When evaluating the optic nerve and/or performing fundus biomicroscopy, the C/D ratio is important because it provides indirect information about the neuroretinal rim tissue (figure 4).

To better define your neuroretinal rim tissue estimation, record the horizontal C/D ratio. Additionally, when recording the vertical C/D ratio, include the superior and inferior rim measurements.

A patient with early glaucoma can exhibit a vertical C/D ratio of 0.6, which––at first blush––does not sound glaucomatous. However, a superior neuroretinal rim tissue width of 0.3 and an inferior neuroretinal rim tissue width of 0.1 would be highly suspicious for early glaucomatous damage due to the asymmetry.

5. Master the Macula
For practitioners who do not have immediate access to an optical coherence tomography device, a Watzke-Allen test is helpful in differentiating macular holes from pseudoholes (figure 5).

5. Potential patient responses when performing the Watzke-Allen test.
For this test, you place a narrow slit-lamp beam over the fovea, then ask the patient to look directly into the center of the beam and describe its overall appearance.

If the patient says that the beam looks unbroken and completely rectangular, the macula is most likely intact.

If, however, he or she reports that the beam appears narrow or distorted in the center, this could indicate a partial-thickness (lamellar) hole.

Finally, if the patient says the beam as looks broken in the center, he or she may have a full-thickness hole.

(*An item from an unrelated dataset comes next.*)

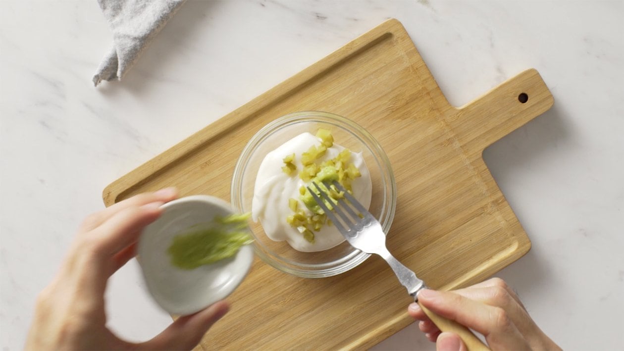 • Add 100g Hellmann's original mayonnaise, 3g wasabi paste, 10g pickled gherkins in the blender jug and blend together until well combined.

Vision usually is significantly compromised at this point, and the patient may further describe missing areas of text when reading.

To perform the test accurately, it is helpful to present the beam both horizontally and vertically. More effective patient responses are elicited when the individual is given visual examples to choose from.

If the macula of the opposite eye appears generally healthy, performing the Watzke-Allen test in that eye may provide the patient with a point of comparison.

6. ‘We’ve Got Your Back’
Patients must be comfortable during clinical procedures. However, throughout a busy workday, it is easy to overlook your level of physical comfort. Optometrists perform slit-lamp biomicroscopy numerous times every day.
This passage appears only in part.